What I found interesting about that was that it apparently tried to pass the empty pid that was in the $OPENSHIFT_NODEJS_PID_DIR/cartridge.pid file along to kill and kill didn't know what to do with that. In fact, kill returns a failed error code if you don't tell it what to kill OR if you tell it to kill something that wasn't there (original issue), so instead of getting an 'okay' back from the kill command when the gear script tried to run it, it got a failure and that meant problems for gear. So, I thought if I got something running on a PID that it COULD kill and put that PID in the file, it'd kill it successfully and everything would be back to normal.
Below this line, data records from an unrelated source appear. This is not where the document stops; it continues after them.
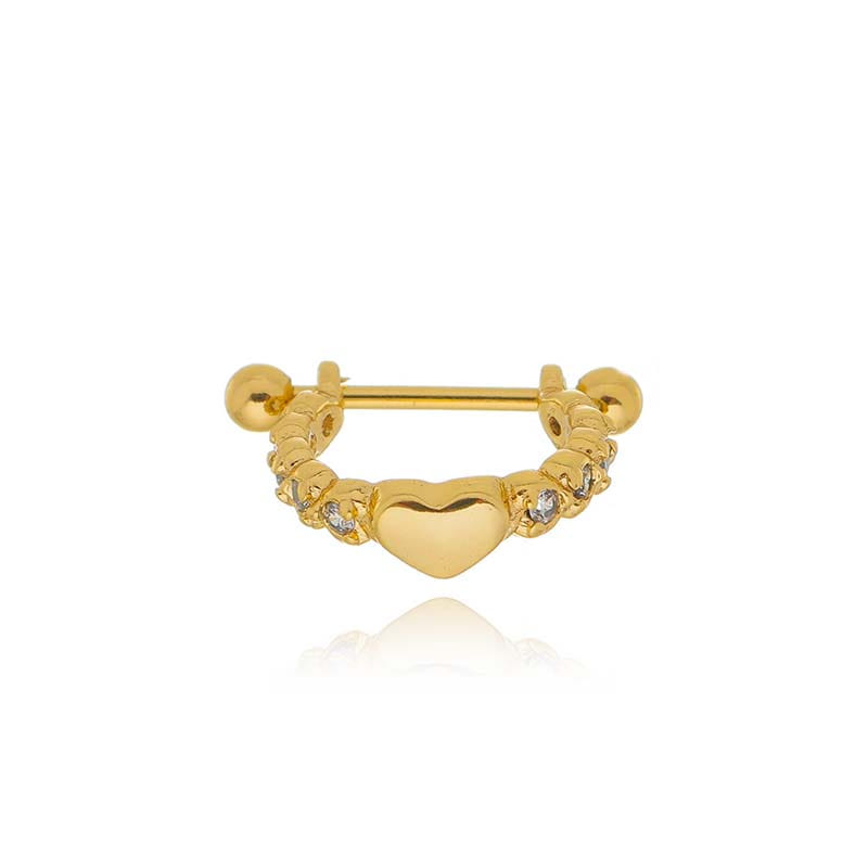 Piercing 2 Em 1 Meia Argola Zircônias Bolinhas E Coração Liso Folheado a Ouro 18K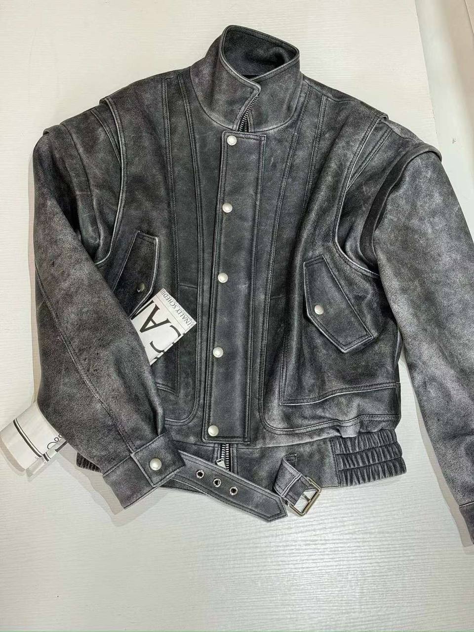 Кожаная куртка Yves Saint Laurent LUX-105204 — стильная куртка в винтажном стиле, выполненная в оттенках серого цвета. Куртка имеет выраженную текстуру, придающую ей особый шарм. Идеально подходит для создания повседневных образов, подчеркивая индивидуальность своего обладателя.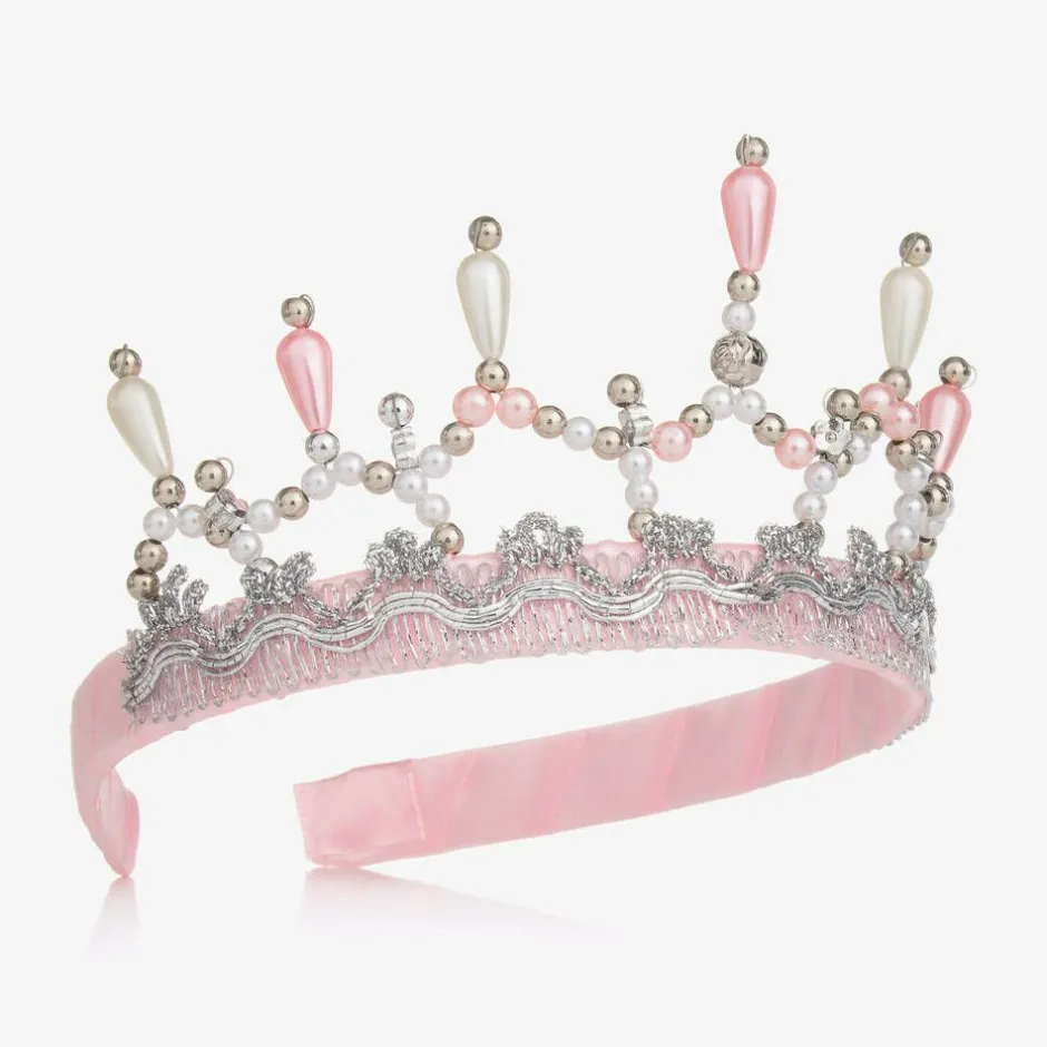 Girls pink and silver crown from Souza. The flexible band is covered in satin ribbon and the crown is decorated with pretty pink, silver and pearl beads.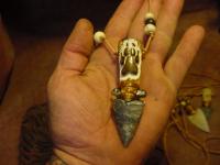 here is a beautiful carved eagle handle ona arrowhead neckl... |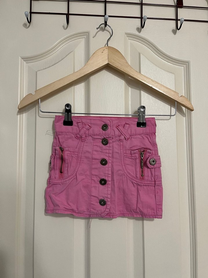 Pembe Düğmeli Kız Denim Etek

Easiest thing I could think of was to stick the '}' in my script that I'd forgotten and run that.
The node code is stored in /app-deloyments/<datestamp>/repo/ .. but don't expect things you put here to stick around.
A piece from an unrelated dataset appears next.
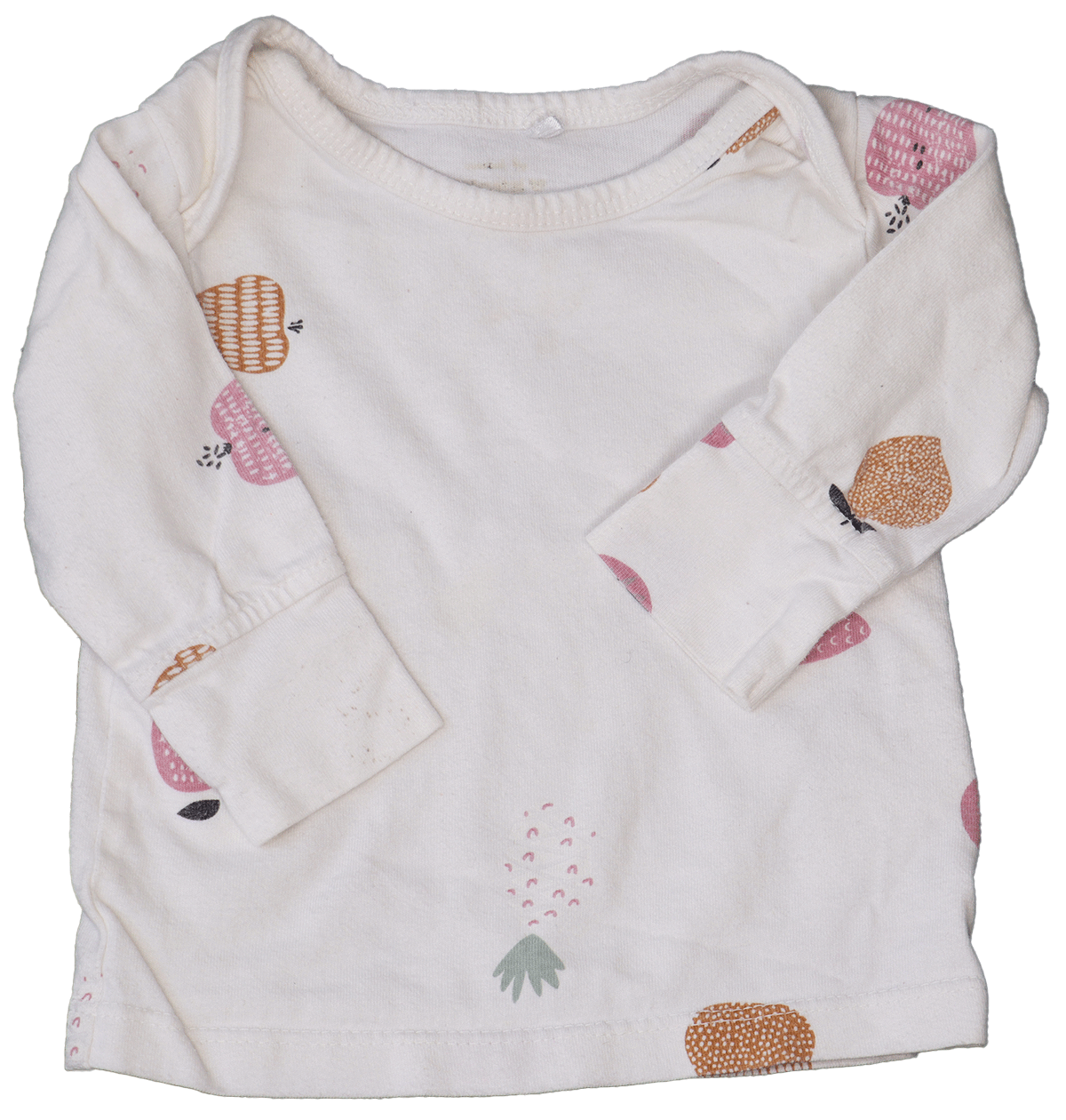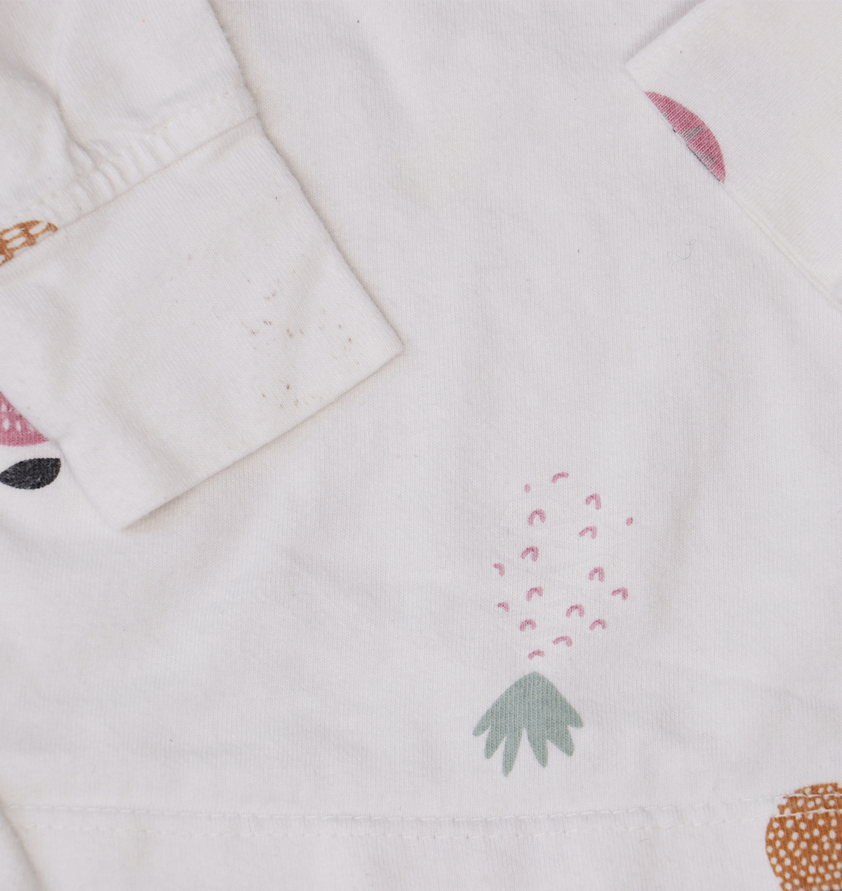 Het Prénatal fruit pyjama setje is tweedehands en vertoont gebruikssporen. Er zijn enkele kleine vlekjes zichtbaar. Er zitten echter geen gaten in de stof. Het materiaal voelt nog prettig aan en de kleuren zijn netjes gebleven.

\> node server.js ^Z \> ps aux USER PID %CPU %MEM VSZ RSS TTY STAT START TIME COMMAND 1313 240483 0.0 0.0 105068 3152 ? S 17:02 0:00 sshd: (user)@pts/1 1313 240486 0.0 0.0 108608 2124 pts/1 Ss 17:02 0:00 /bin/bash --init-file /usr/bin/rhcsh -i 1313 275483 0.3 0.4 467788 36892 ? Sl 17:24 0:01 /usr/bin/mongod --auth -f /var/lib/openshift/(user)/mongodb//conf/mongodb.conf run 1313 284292 2.5 0.6 732440 45924 pts/1 Sl 17:30 0:02 node server.js 1313 287036 2.0 0.0 110240 1156 pts/1 R+ 17:32 0:00 ps aux \> echo "284292" > $OPENSHIFT_NODEJS_PID_DIR/cartridge.pid
So, PID is in the file, and the PID is a valid running node process. Then I did my git commit of my fix, and ran git push... and it was back to normal!
Counting objects: 5, done. Delta compression using up to 8 threads. Compressing objects: 100% (3/3), done. Writing objects: 100% (3/3), 344 bytes | 0 bytes/s, done. Total 3 (delta 2), reused 0 (delta 0) remote: Stopping NodeJS cartridge remote: Stopping MongoDB cartridge remote: Saving away previously installed Node modules remote: Building git ref 'master', commit f5e40ef remote: Building NodeJS cartridge remote: npm info it worked if it ends with ok ... remote: npm info ok remote: Preparing build for deployment remote: Deployment id is aa38fed5 remote: Activating deployment remote: Starting MongoDB cartridge remote: Starting NodeJS cartridge remote: Result: success remote: Activation status: success remote: Deployment completed with status: success
So, now that the PID was stable and correct, it seemed to deploy properly and I've had no troubles since!